27. compound according to claim 26, wherein R ⁸It is optional substituted phenyl.

28. according to each described compound in the claim 21 to 27, wherein

L ¹And L ²Shi – O-; And

R ^1aAnd R ^2aBe hydrogen or alkyl independently of one another.

29. according to each described compound in the claim 21 to 27, wherein

L ³It is alkylidene group; And

Y is C (O) OR ^7aOr NR ^5aR ^6a

30. according to each described compound in the claim 21 to 27, wherein

L ³It is covalent linkage; And

Y is OR ^5aOr NR ^5aR ^6a

31. compound according to claim 21, it is selected from

Or its pharmacy acceptable salt and/or solvate.

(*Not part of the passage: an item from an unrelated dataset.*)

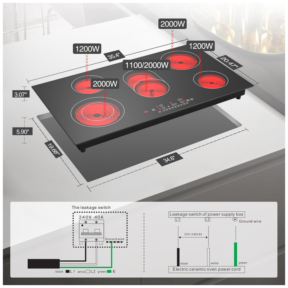 Cooktop elétrico 220V 240v Cooktop elétrico de 5 queimadores 2 × 1200 W e 2 × 2000 W e 2000 W, 240 V , 60 Hz. A tela sensível ao toque LED de 5 queimadores. Pode aquecer rapidamente e ajudar a preparar diferentes alimentos deliciosos ao mesmo tempo. Economize tempo e energia. Seja uma reunião de fim de semana ou uma visita de amigos, você pode facilmente terminar uma grande refeição para entretê los. DICAS O cooktop é sem tomada. Cooktop embutido precisa ser conectado a um fio rígido 220 240v.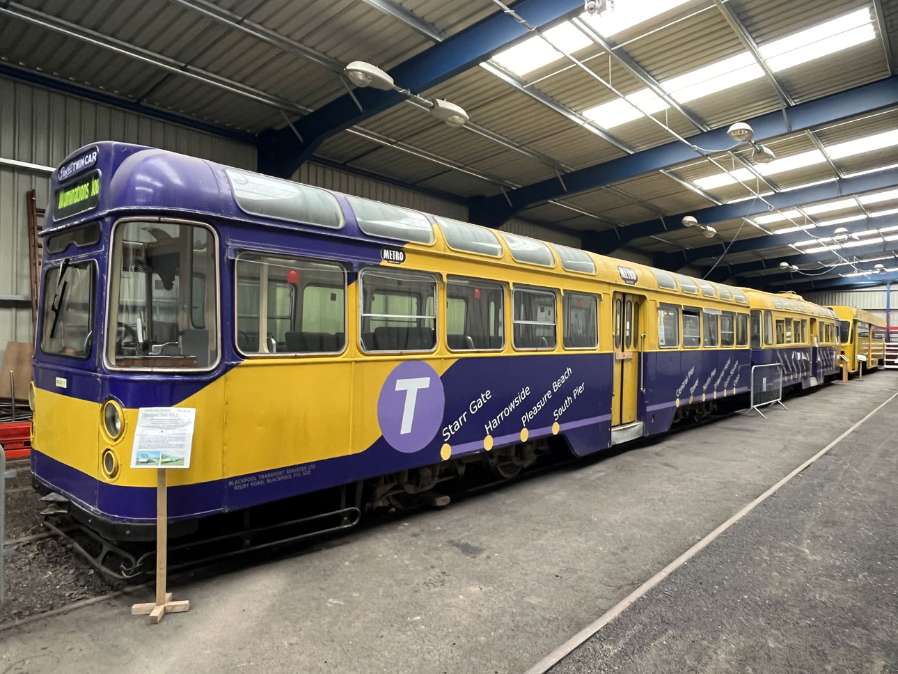 Blackpool Twin Car 674+684 (seen here with trailer leading) last ran on its home tramway in 2008 and retains the Cadbury Blue and Yellow Metro Coastlines it received following a mini-overhaul as the Twin Cars came to the rescue of the Fleetwood service after double deckers were banned due to the condition of the track.

32. a pharmaceutical composition comprises

According to each described compound in the claim 1 to 20; With

Pharmaceutically acceptable vehicle.

33. one kind is used to regulate casein kinase 2 activity of cell and/or the method for Pim kinase activity, it comprise with said cell with contact according to each described compound in the claim 1 to 31.

34. treat patient's the illness relevant or the method for disease for one kind with casein kinase 2 activity and/or Pim kinase activity, it comprise to said patient's administering therapeutic significant quantity according to each described compound in the claim 1 to 31.

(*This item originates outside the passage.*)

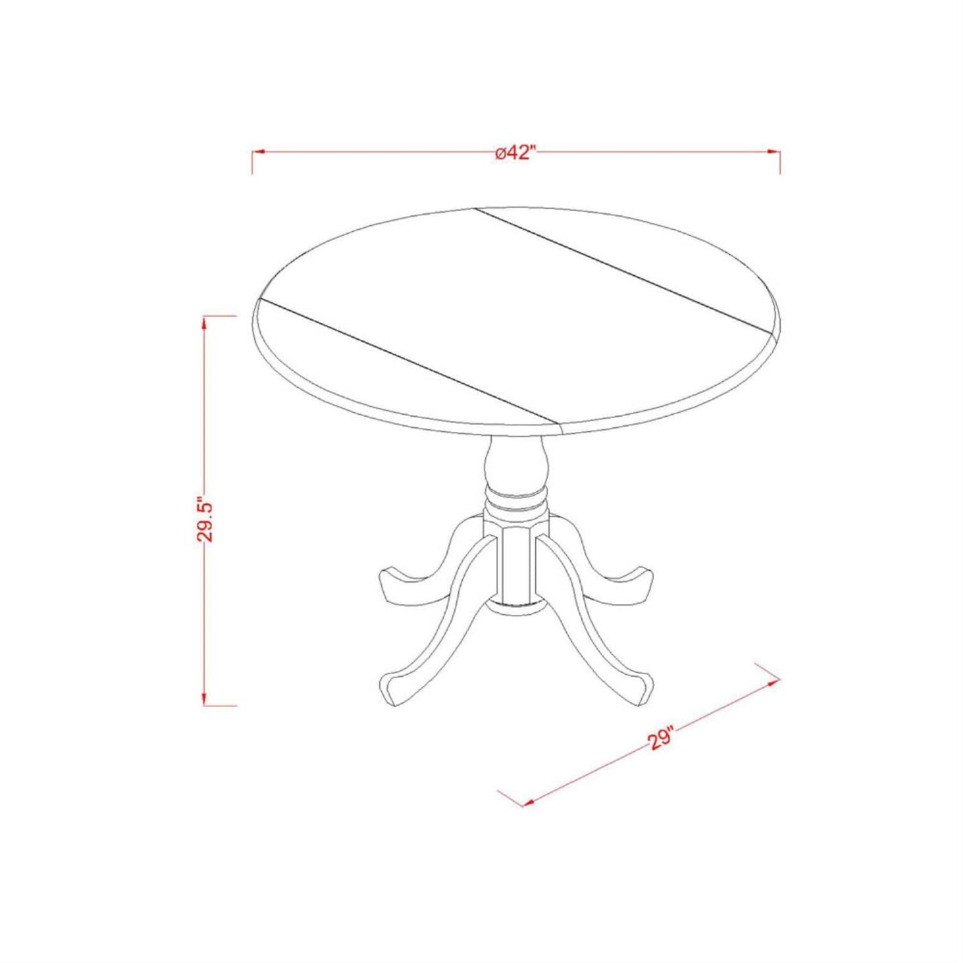 EAST WEST FURNITURE - DLT-ESP-TP - DUBLIN ROUND WOODEN DINING TABLEEnhance the elegance of your dining room with our exquisite Pedestal modern Dining Table that exudes style. Crafted from premium-quality Espresso Asian Hardwood (Rubber Wood), the body of this trendy wood kitchen table boasts remarkable sturdiness and stability. The top surface of this round kitchen table features a superior Espresso finish that provides a stunning appearance. The contemporary design of this round wooden kitchen table elevates the aesthetic appeal of any dining room. Built with a heavy-duty solid wood structure and a modern round design, this wood round wooden dining table combines sophistication with sturdy construction, ensuring its durability. Its compact size makes it easy to carry, clean, and assemble, and it seamlessly blends with any room decor. This friendly and robust pedestal wood dining table is an ideal choice for a delightful dining experience with your loved ones.PRODUCT FEATURES: Table Design: Round Pedestal Style Table Top color: Espresso Pedestal Legs color: Espresso Round Wooden Dining Table Dimensions: Length: 42; Width: 42; Height: 29.5.5

35. method according to claim 34, wherein said illness or disease are selected from the group of being made up of following: cancer, vascular disorder, inflammation, pathogenicity bo infection, immune disorders and combination thereof.

36. method according to claim 35, wherein said cancer are colorectal carcinoma, mammary cancer, lung cancer, liver cancer, carcinoma of the pancreas, lymphoglandula cancer, colorectal carcinoma, prostate cancer, the cancer of the brain, Head and Neck cancer, skin carcinoma, liver cancer, kidney, leukemia and heart cancer.

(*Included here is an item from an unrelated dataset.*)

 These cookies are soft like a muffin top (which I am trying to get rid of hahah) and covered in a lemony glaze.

37. a method that is used to suppress cell proliferation, it comprises contacting according to each described compound in the claim 1 to 31 cell and the amount that effectively suppresses said cell proliferation.

38. according to the described method of claim 37, wherein said cell is in experimenter's cancerous cell line or in tumour.

39. according to the described method of claim 38, wherein said cancerous cell line is mammary cancer, prostate cancer, carcinoma of the pancreas, lung cancer, hemopoietic system cancer, colorectal carcinoma, skin carcinoma, ovarian cancer cell line.

40. the method that the blood vessel that is used to suppress the experimenter takes place, it comprise to said experimenter use that effective inhibition blood vessel takes place according to each described compound in the claim 1 to 31.

41. treat patient's the illness relevant or the method for disease for one kind with casein kinase 2 activity and/or Pim kinase activity, it comprise to said patient use altogether according to claim 1 to

Each described compound and another kind of at least therapeutical agent in 31.

42. according to the described method of claim 41, wherein said illness or disease are cancers.

43. according to the described method of claim 41, wherein said another kind of at least therapeutical agent is a carcinostatic agent.